◆ **What to produce**
The output should be the listing below, limited to the lines from the one with "Udemy - Zbrush 2021人物肖像雕刻建模教程,23.9GB。" through the one with "have defender. |", exact and without pictures.

◆ **Exercise data**
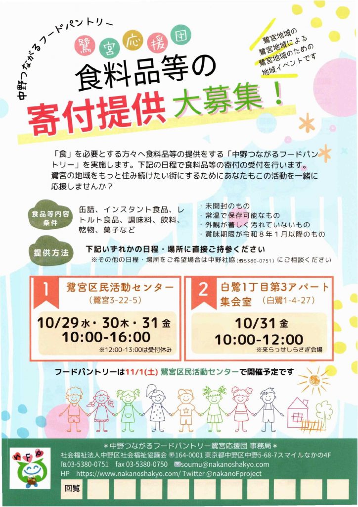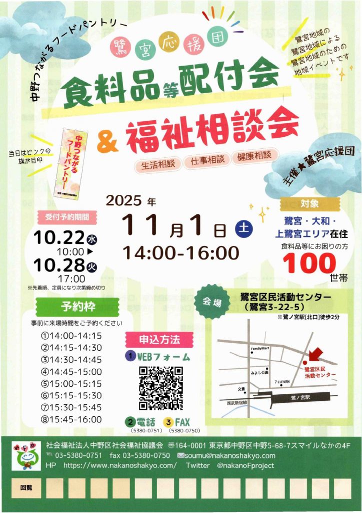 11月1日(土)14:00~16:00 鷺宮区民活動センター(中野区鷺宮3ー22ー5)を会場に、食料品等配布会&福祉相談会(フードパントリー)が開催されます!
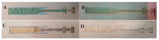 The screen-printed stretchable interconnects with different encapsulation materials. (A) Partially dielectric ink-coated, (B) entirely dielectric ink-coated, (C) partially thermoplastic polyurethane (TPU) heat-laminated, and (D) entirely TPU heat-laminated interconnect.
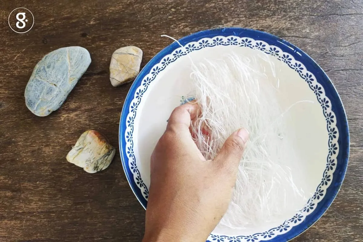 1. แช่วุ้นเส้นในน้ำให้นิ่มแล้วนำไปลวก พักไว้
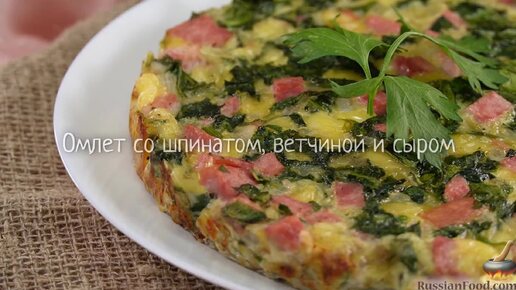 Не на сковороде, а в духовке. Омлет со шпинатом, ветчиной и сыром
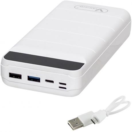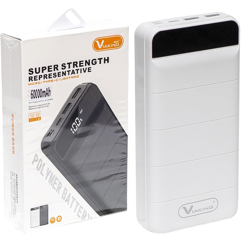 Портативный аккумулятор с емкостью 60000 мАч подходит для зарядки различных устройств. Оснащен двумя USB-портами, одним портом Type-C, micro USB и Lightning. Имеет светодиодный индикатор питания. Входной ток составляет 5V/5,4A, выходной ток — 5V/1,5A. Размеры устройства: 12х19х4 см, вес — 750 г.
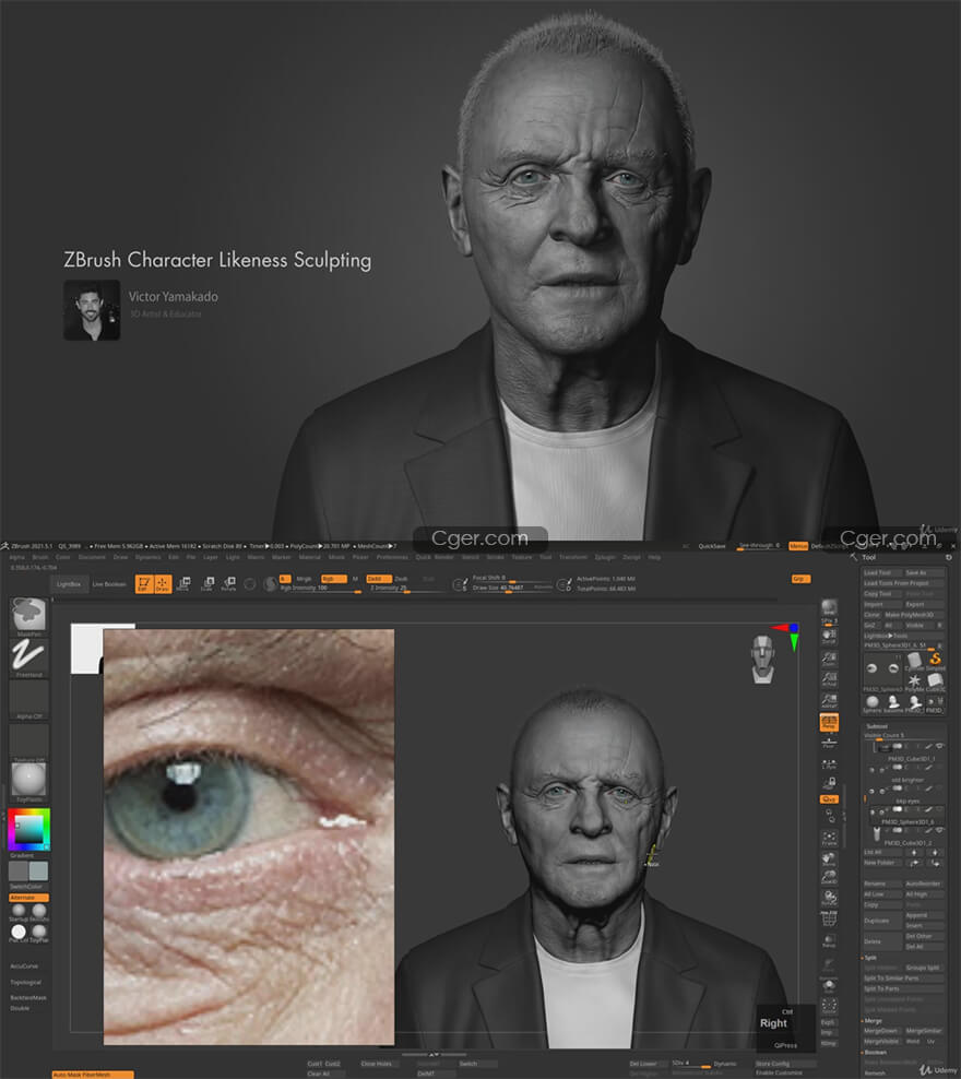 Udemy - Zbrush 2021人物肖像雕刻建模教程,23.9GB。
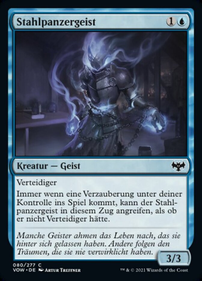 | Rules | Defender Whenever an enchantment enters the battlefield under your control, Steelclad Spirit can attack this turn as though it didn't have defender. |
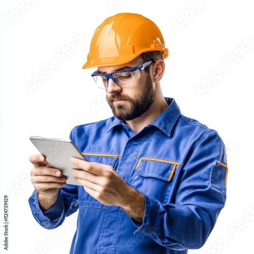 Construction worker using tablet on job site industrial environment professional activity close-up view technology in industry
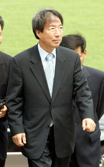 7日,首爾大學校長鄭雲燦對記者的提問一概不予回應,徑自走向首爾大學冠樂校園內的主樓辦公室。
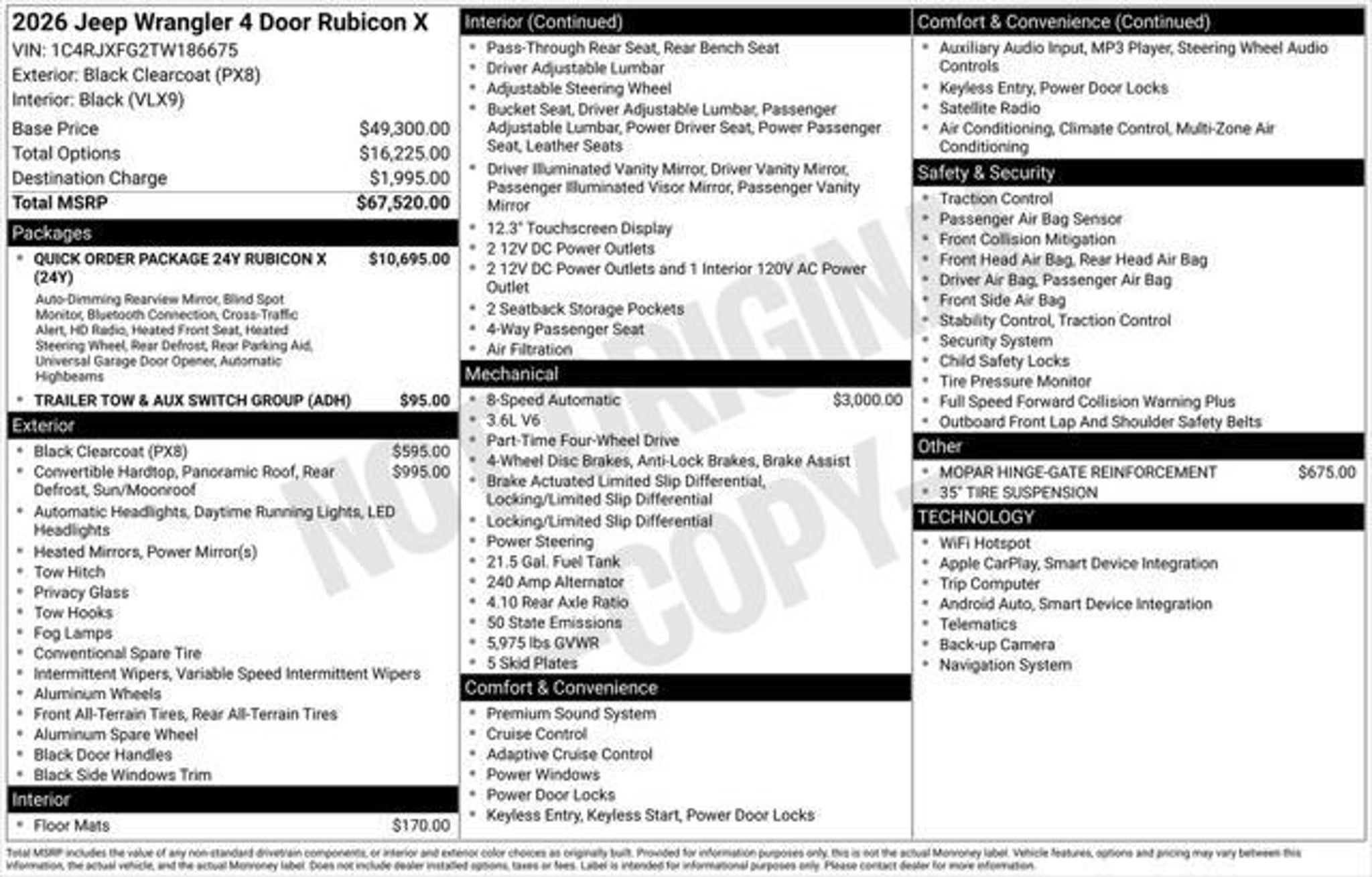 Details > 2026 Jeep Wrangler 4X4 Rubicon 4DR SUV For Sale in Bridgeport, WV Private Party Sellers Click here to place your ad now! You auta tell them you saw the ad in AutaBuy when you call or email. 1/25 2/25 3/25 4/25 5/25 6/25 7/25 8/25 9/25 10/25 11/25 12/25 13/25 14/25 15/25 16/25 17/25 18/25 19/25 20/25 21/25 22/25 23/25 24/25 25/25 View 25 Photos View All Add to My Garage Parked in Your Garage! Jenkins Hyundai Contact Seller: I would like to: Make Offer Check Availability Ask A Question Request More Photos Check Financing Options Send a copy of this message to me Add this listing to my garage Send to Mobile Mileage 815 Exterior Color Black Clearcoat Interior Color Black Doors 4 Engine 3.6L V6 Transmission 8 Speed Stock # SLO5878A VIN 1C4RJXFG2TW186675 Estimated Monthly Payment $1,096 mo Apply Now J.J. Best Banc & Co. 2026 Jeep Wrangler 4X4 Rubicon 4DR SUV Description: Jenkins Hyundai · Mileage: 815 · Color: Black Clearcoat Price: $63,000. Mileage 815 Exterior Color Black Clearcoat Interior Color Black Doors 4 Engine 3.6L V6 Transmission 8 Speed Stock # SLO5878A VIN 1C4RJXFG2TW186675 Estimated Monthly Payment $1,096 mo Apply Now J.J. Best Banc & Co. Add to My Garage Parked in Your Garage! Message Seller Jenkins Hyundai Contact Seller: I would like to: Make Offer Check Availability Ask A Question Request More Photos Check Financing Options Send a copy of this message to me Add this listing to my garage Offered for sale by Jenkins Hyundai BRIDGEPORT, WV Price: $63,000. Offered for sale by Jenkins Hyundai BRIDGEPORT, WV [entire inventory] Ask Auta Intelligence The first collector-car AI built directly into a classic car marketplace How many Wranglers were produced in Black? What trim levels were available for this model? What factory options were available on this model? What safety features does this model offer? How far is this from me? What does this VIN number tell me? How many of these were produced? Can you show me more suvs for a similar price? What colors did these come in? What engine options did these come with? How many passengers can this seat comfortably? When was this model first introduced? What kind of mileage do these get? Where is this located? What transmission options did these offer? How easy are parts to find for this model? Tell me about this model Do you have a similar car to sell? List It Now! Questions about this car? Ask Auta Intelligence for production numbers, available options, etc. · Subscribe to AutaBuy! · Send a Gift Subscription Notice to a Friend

◆ **Answer to this task**
 Udemy - Zbrush 2021人物肖像雕刻建模教程,23.9GB。
 | Rules | Defender Whenever an enchantment enters the battlefield under your control, Steelclad Spirit can attack this turn as though it didn't have defender. |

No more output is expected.